Income tax provision (benefit) consists of the following (in thousands):

 

SCHEDULE OF INCOME TAX PROVISION (BENEFIT)

             
    Year Ended October 31,  
    2025     2024  
Federal:                
Current   $ -     $ -  
Deferred     (1,237 )     (2,284 )
State:                
Current     -       -  
Deferred     (574 )     (754 )
Adjustment to valuation allowance related to net deferred tax assets     1,811       3,038  
Total   $ -     $ -  

 

The tax effects of temporary differences that give rise to significant portions of the deferred tax asset, net, at October 31, 2025 and 2024, are as follows (in thousands):

 

SCHEDULE OF DEFERRED TAX ASSETS AND LIABILITIES

             
    October 31,  
    2025     2024  
Long-term deferred tax assets:                
Federal and state NOL and tax credit carryforwards   $ 30,582     $ 29,198  
Deferred compensation     8,763       8,394  
Intangibles     104       161  
Subtotal     39,449       37,753  
Less: valuation allowance     (39,449 )     (37,753 )
Deferred tax asset, net   $ -     $ -  

 

As of October 31, 2025, we had Federal tax net operating loss and tax credit carryforwards of approximately $106,253,000 and $2,413,000, respectively. At the federal level, businesses can carry forward their net operating losses indefinitely, but the deductions are limited to 80% of taxable income. Prior to the Tax Cuts and Jobs Act (TCJA) of 2017, businesses could carry losses forward for 20 years (without a deductibility limit). If the tax benefits relating to deductions of option holders’ income are ultimately realized, those benefits will be credited directly to additional paid-in capital. Certain changes in stock ownership can result in a limitation on the amount of net operating loss and tax credit carryovers that can be utilized each year. As of October 31, 2025, management has not determined the extent of any such limitations, if any.

 

We had California tax net operating loss carryforwards of approximately $68,597,000 as of October 31, 2025, available within statutory limits (expiring at various dates between 2026 and 2045), to offset future corporate taxable income and taxes payable, if any, under certain computations of such taxes.

 

We have provided a 100% valuation allowance against our deferred tax asset due to our current and historical pre-tax losses and the uncertainty regarding their realizability.
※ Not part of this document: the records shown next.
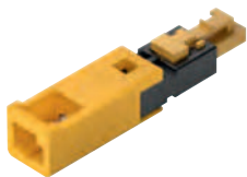
12V: Loox5 socket/Loox plug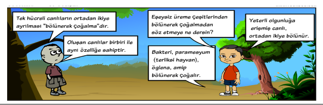
Figure 3 Asexual reproduction

E: How about talking about asexual reproduction types of reproduction by division?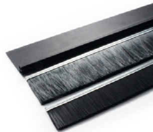
Extended 3" x 60" Brush Grommet Part No. 10097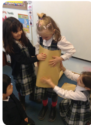
working collaboratively to check the armour fits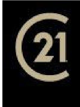
Leasing Team 0291910303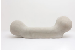
Faye Toogood [British, b. 1977] Maquette 47 / Clay Bench, 2020 Cement composite, road paint 38 x 112.5 x 32 inches 97 x 286 x 81 cm Edition of 1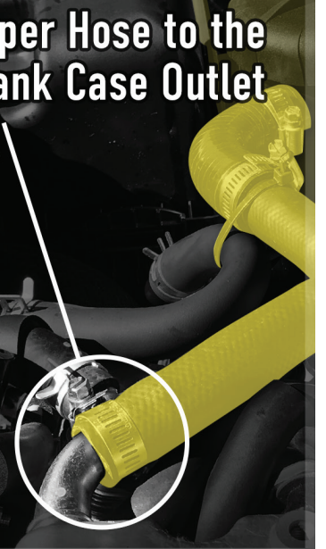
Step 9 / Img 7: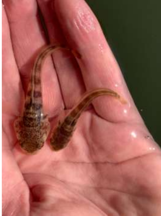
Plainfin Midshipman 1 October 2024 (I.M. Laursen)

The primary differences from the Federal statutory rate of 21% and the effective rate of 0% is attributable to a change in the valuation allowance. The following is a reconciliation of income taxes at the Federal statutory tax rate to income tax expense (benefit) (in thousands):

SCHEDULE OF RECONCILIATION OF INCOME TAXES

    Year Ended October 31,  
    2025     2024  
Income tax benefit at U.S. Federal statutory income tax rate   $ (2,316,000 )     (21.00 )%   $ (2,667,000 )     (21.00 )%
State income taxes     (770,000 )     (6.98 )%     (887,000 )     (6.99 )%
Permanent differences     31,000       0.28 %     21,000       0.17 %
Expiring net operating losses, credits and other     1,244,000       11.28 %     495,000       3.90 %
Change in valuation allowance     1,811,000       16.42 %     3,038,000       23.92 %
Income tax provision   $ -       0.00 %   $ -       0.00 %

 

During the two fiscal years ended October 31, 2025, we incurred no Federal and no State income taxes. We have no unrecognized tax benefits as of October 31, 2025 and 2024 and we account for interest and penalties related to income tax matters, if any, in general and administrative expenses. Tax years to which our net operating losses relate remain open to examination by Federal and California authorities to the extent which the net operating losses have yet to be utilized.